Каждый сам творит свои мифы, тем более что скука жизни взращивает их семена, а сила воздействия прозы, воплощающей эти откровения, никоим образом не связана с продолжительностью писательской деятельности. Шульц писал недолго: он не публиковалс до сорока лет и прекратил писать за несколько лет до своей гибели в пятидесятилетнем возрасте (даже здесь, погибнув в эпоху массовых убийств как одиночка, он оказался выделенным). Его метод жив. «Шульц — мой бог» — такое признание сделал мне недавно в Югославии писатель Данило Киш. Читая молодую греческую писательницу Маргариту Карапаноу, невольно задумываешься, не послужил ли ей примером Шульц. Она пишет о детстве с той же лирической силой. Ее «Кассандра и Волк» — фантастическое, неровное повествование, пронизанное ранней порочной сексуальностью, — напоминает «Весну» Шульца. Если не влияние Шульца, то близость к нему можно отметить и у такого американского писателя, как Гилберт Роуджин. Герои Роуджина, как и Шульца, — небольшой круг людей, связанных семейными узами, вечно недовольных друг другом, но неразлучных, — переходят из рассказа в рассказ, подтверждая высшую ценность этого жизненного материала для автора, что подчеркивается любовно отобранными метафорами и изысканными афоризмами, украшающими повествование о таких обыкновенных и не очень счастливых судьбах. Когда речь идет не о политических фигурах (как, например, Эдипе, Гамлете, Кутузове), в повествовании ищутся — при помощи метафор — установленные прежде уровни значимости; так, в «Улиссе» реализуется грандиозный ироикомический замысел.
Живя в мире людей скрытных, писатель работает интуитивно, но точно, извлекая серебряную нить из грубой ткани будничной жизни.
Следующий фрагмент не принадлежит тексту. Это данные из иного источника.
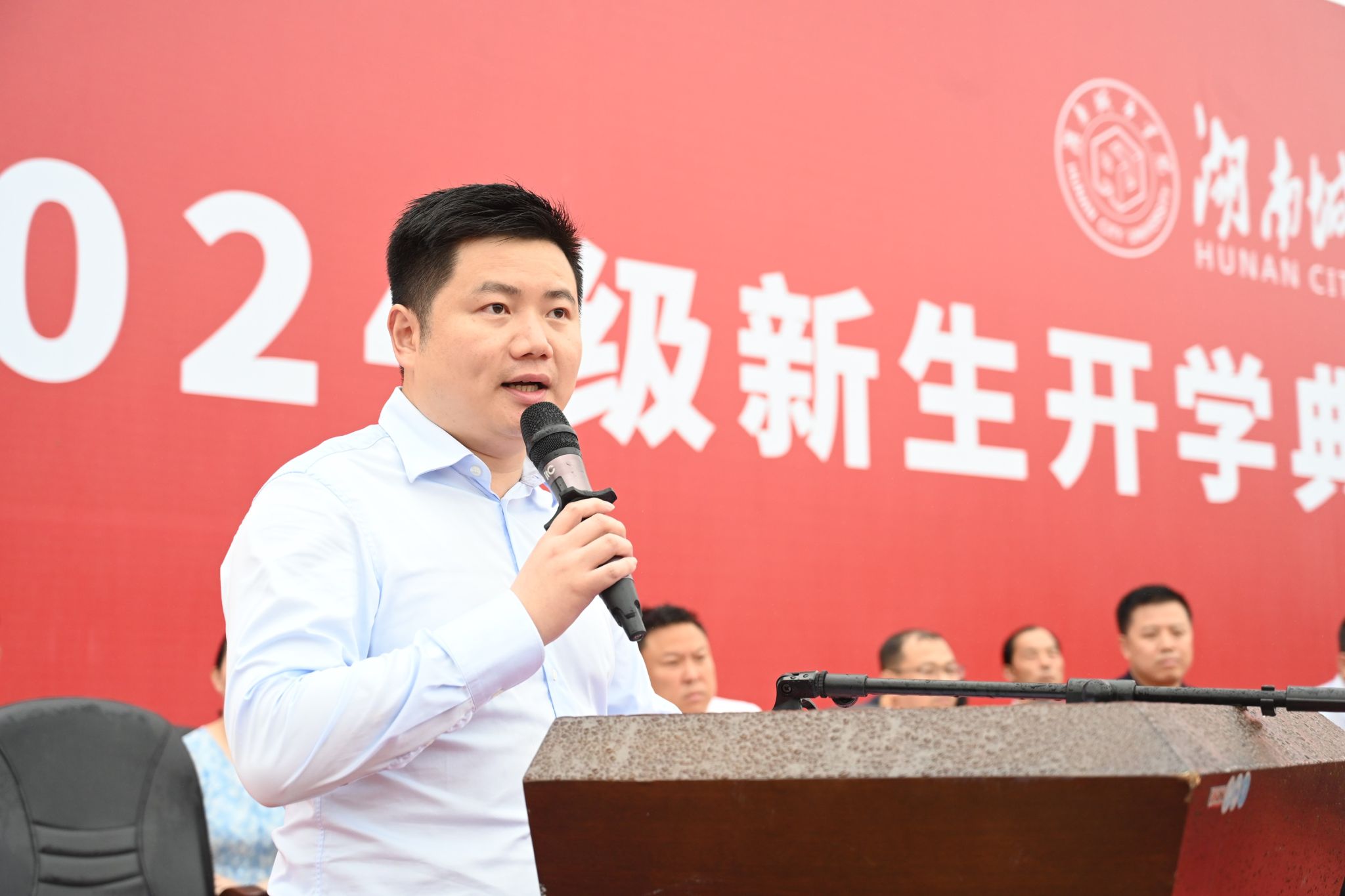 “一代代城院人追求卓越、敢为人先,城院的影响正立足湖南、辐射全国、走向世界……”何振寄语2024级新生:一城有一城的风景,一程有一程的追求,同学们要融入城院的奋起、融入城院的精神、融入城院的愿景,握紧“接力棒”,一张蓝图干到底,在新征程上跑出加速度,争做筑梦人、追光者。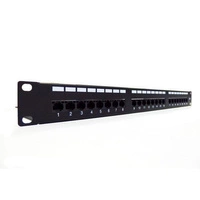 Patch panel 19" 24 porty, kat.6, U/UTP, 1U, wspornik kablowy, czarny (kompletny)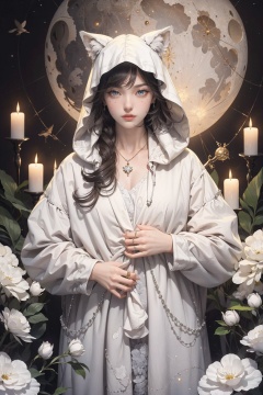 Masterpiece, illustration, 8K wallpaper, super detailed, upper body, 1 girl, white field, holding a flower (surrounded by 3 wolves: 1.2), animal, skull, flower, solo, gray eyes, looking at the audience, white hair, white flowers, white grass, parted lips, dress, jewelry, moon, ring, long hair, bangs, long sleeves, necklace, new moon, glowing, white hooded robe, standing, hair accessories, planet, The hair between the eyes,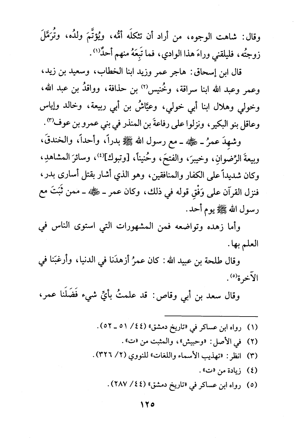 وشهِدَ عمرُ - رضي الله عنه - مع رسول الله - صلى الله عليه وسلم - بدرًا، وأحدًا، والخندقَ، وبيعةَ الرِّضوانِ، وخيبرَ، والفتحَ، وحُنينًا، [وتبوك] (¬4)، وسائرَ المشاهدِ، وكان شديدًا على الكفار والمنافقين، وهو الذي أشار بقتل أسارى بدر، فنزل القرآن على وَفْقِ قوله في ذلك، وكان عمر - رضي الله عنه - ممن ثَبَتَ مع رسول الله - صلى الله عليه وسلم - أحد.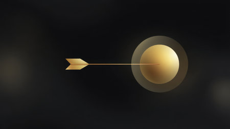 This image features a golden arrow targeting a circular shape against a dark background, creating a modern abstract visual ideal for design projects and creative concepts.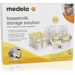 Incluye: (6) botellas de 5 onzas, (6) tapas de etiquetado, (6) recipientes de 2.7 fl oz con tapas, (20) bombear y guardar bolsas de leche materna, (1) bandeja organizadora, (1) guía de almacenamiento de leche materna imán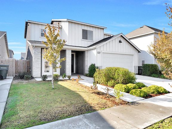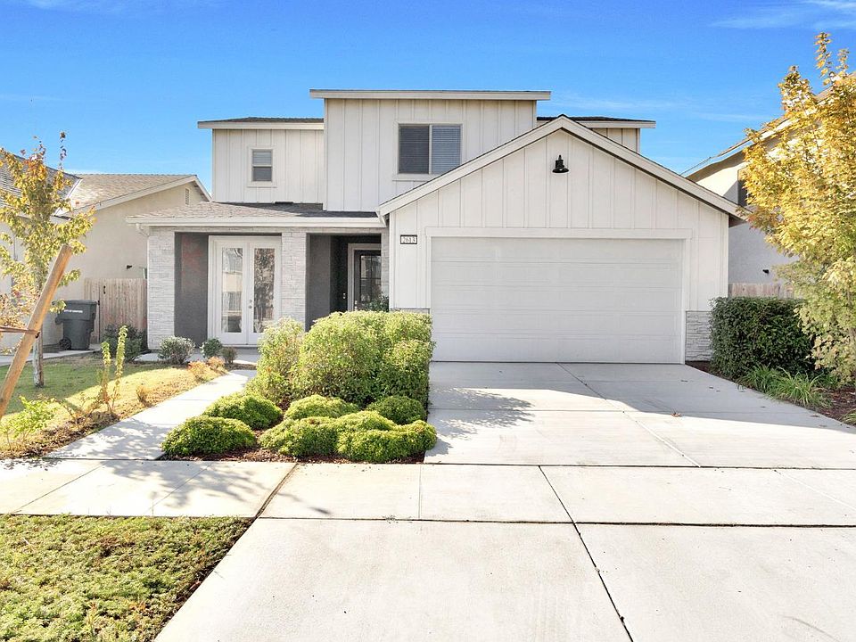 Welcome to 2613 W Mallard Lane, where modern comfort meets thoughtful design in this stunning Lennar Countess model home. This impressive 4-bedroom, 3-bathroom residence spans 2,280 square feet and features an additional flex space that opens to the front porch through elegant French doors, perfect for a home office or entertainment area. The heart of this home showcases an open-concept family room and kitchen, anchored by a large kitchen island with granite countertops. The modern backsplash complements the well-appointed pantry, creating a chef's dream workspace. A convenient half bath completes the first floor living areas. Double doors lead to the luxurious primary bedroom suite, featuring dual sinks, a spacious closet, relaxing soaking tub, and separate shower. Three additional bedrooms provide versatile living options, while the second-floor laundry room adds everyday convenience. The outdoor space offers endless possibilities for relaxation and entertaining, enhanced by the home's owned solar system that provides energy efficiency and cost savings. Located in the desirable Ironside community, residents enjoy proximity to Sierra Pacific High School, just over a mile away. This VA Assumption Eligible property represents exceptional value in today's market. The combination of modern amenities, practical layout, and energy-efficient features creates an ideal living environment for those seeking comfort and convenience. The thoughtful floor plan maximizes both privacy and gathering spaces, while the outdoor areas provide perfect settings for California living. Don't miss this opportunity to own a quality-built home in an established Hanford neighborhood. This home is Virtually Staged

Завороженный взгляд превращает отдельные предметы в знаки, а предметы, каким-либо образом отмеченные, в сокровища, — здесь не имеютс в виду символы общепринятой религии. Недавно опубликован рассказ Роуджина «Крепкие мускулы», в котором над проволочной оградой в манхэттенском саду прикреплен как навес тяжелый картонный постер Альбрехта Дюрера «Празднество розовых венков». Герой, живущий на верхнем этаже стоящего поблизости дома, время от времени рассматривает этот оказавшийся в неожиданном месте знак:
«Из окна своей спальни Альберт глядел на этот поблекший от непогоды Rosenkranzbild, сияющий розами, каких никогда не было на кустах поблизости… Иногда, когда Альберт стоял и напевал, темный сад, казалось ему, погружался в воду, и только верхние ветки бирючины торчали над ее гладью, а покоробившийся плакат становился плотом, который мог бы привлечь отчаявшегося пловца, но тот лишь обнаружил бы, что плот не выдержит и ребенка».
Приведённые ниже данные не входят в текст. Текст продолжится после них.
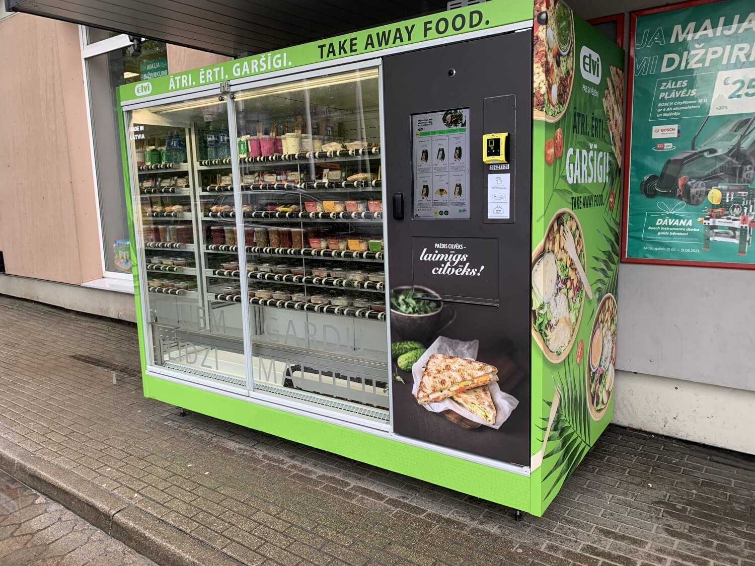 Investējot vairāk kā 80 000 eur, nacionālais pārtikas mazumtirdzniecības tīkls ELVI sācis uzstādīt gatavo ēdienu pārdošanas automātus, piedāvājot klientiem iegādāties ELVI pusdienu komplektus, zupas, salātus un sviestmaizes ārpus pārtikas veikala šim mērķim īpaši pielāgotās, Latvijā ražotās vending ierīcēs, kas nodrošina ēdienam ideālus uzglabāšanas apstākļus un klientiem ērtu norēķinu risinājumu. Pirmie trīs gatavo ēdienu pārdošanas automāti uzstādīti pie būvniecības namiem “Kurši” Rīgā, Dreiliņos un Salaspilī.
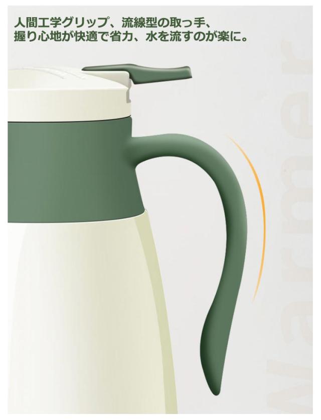 | 1L/1.2L/1.5L/1.8L/2.1L お手入れにも便利なハンディタイプのまほうびん。 まほうびん構造だから電気を使わず、保温・保冷で1年中大活躍。 人間工学グリップ、流線型の取っ手、握り心地が快適で省力、水を流すのが楽に 銀メッキのガラス製裏部分、二層真空技術で保温効果を大幅にアップ、多層温度ロック、より強い保温性能、暖かさの持続性も抜群 | |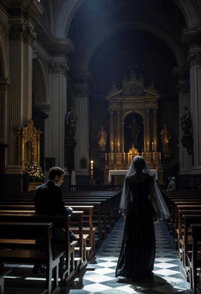 Faltaba menos de media hora para la última misa del día y podría haber contado con los dedos el número de feligreses. Buscaría el umbrío rincón del Santísimo para unos minutos de recogimiento entre el negro y el rojo de las paredes. Sólo una persona ocupaba la capilla: por las formas, una mujer, una dama de luto arrodillada en la primera fila.
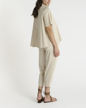 La chemise beige pour femme de la marque Hana San. Une chemise à manches courtes pour femme parfaite pour cette saison. C'est un basique à avoir dans sa garde robe qui ira avec tout ! Son côté fluide et léger est ultra agréable pour porter pendant les beaux jours.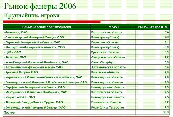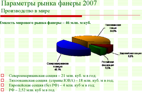 По оценке Фонда перспективных исследований и инициатив, в 2005 году наблюдалось дальнейшее повышение доли РФ на мировом рынке клееной фанеры. Эта доля составила в 2005 году 3,15% (против 2,96% в 2004 г.) Достаточно высокая конкурентоспособность продукции из РФ, главным образом за счет ценового фактора (практически вся продукция деревообработки из РФ предлагается на мировом рынке по ценам ниже, чем среднемировые цены).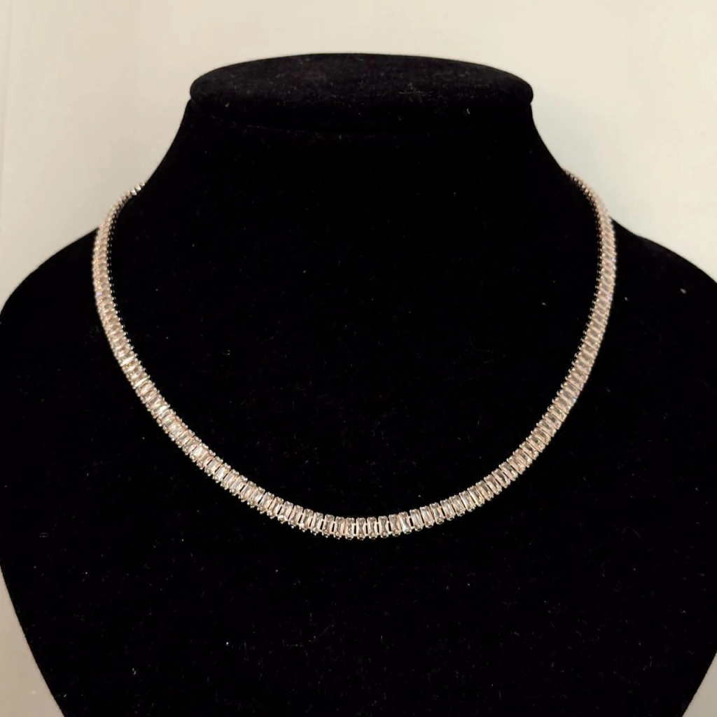 Llevá un toque de sofisticación a tus eventos nocturnos con este collar de piedras alargadas de diseño simétrico. Sus piedras cuidadosamente seleccionadas reflejan la luz, aportando un brillo sutil y elegante que realza cualquier outfit.

У Шульца полная переводных картинок книга вторгаетс в жизнь: «Так улетала, рассыпаясь, страница за страницей и впитывалась в пейзаж, насыщая его красками». Альбом с марками в еще большей степени предстает как замена мира, как божественный импульс:
«Я открыл его, и передо мною засияли краски мира, повеял ветер необъятных просторов, панорама вращающихся горизонтов. Ты шел по страницам альбома, а за Тобой тянулся шлейф всех климатов и зон. Канада, Гондурас, Никарагуа, Абракадабра, Гипорабундия… Я понял замысел Твой, Господи. Это были издержки Твоего великолепия, первые попавшиеся слова, которыми ты воспользовался».
Тот же самый взгляд, что в маленьких ярких изображениях видит все богатство мироздания, улавливает символический смысл в явлениях природы, таких, как «бесстрастный трибунал звезд», «среди которых водяными знаками просвечивали силуэты музыкальных инструментов, фрагменты ключей, незамкнутые контуры лир и лебедей, подражательный, бессмысленный звездный комментарий на полях музыки».
Собственные иллюстрации Шульца к его рассказам, хот и мастерски сделанные, не становятся частью текучего сплава изображаемого и действительного, но, словно чужие иллюстрации, противоречат тексту, служат помехою нашему воображению. Характерные рисунки, выгравированные на засвеченных фотографических пластинах, в первую очередь создают впечатление убожества — вывернутые шеи, огромные головы, как правило, увиденные сверху, неулыбчивые, молчаливые. Тщательно вырисованные куклы, делающие еще более кукольными пейзажи, в которых они обитают, ни в какой мере не раскрывают сияющих глубин прозы своего автора; они скорее заставляют вспомнить целые столети иллюстрированных сказок, стоящие за его пересказом собственных легенд.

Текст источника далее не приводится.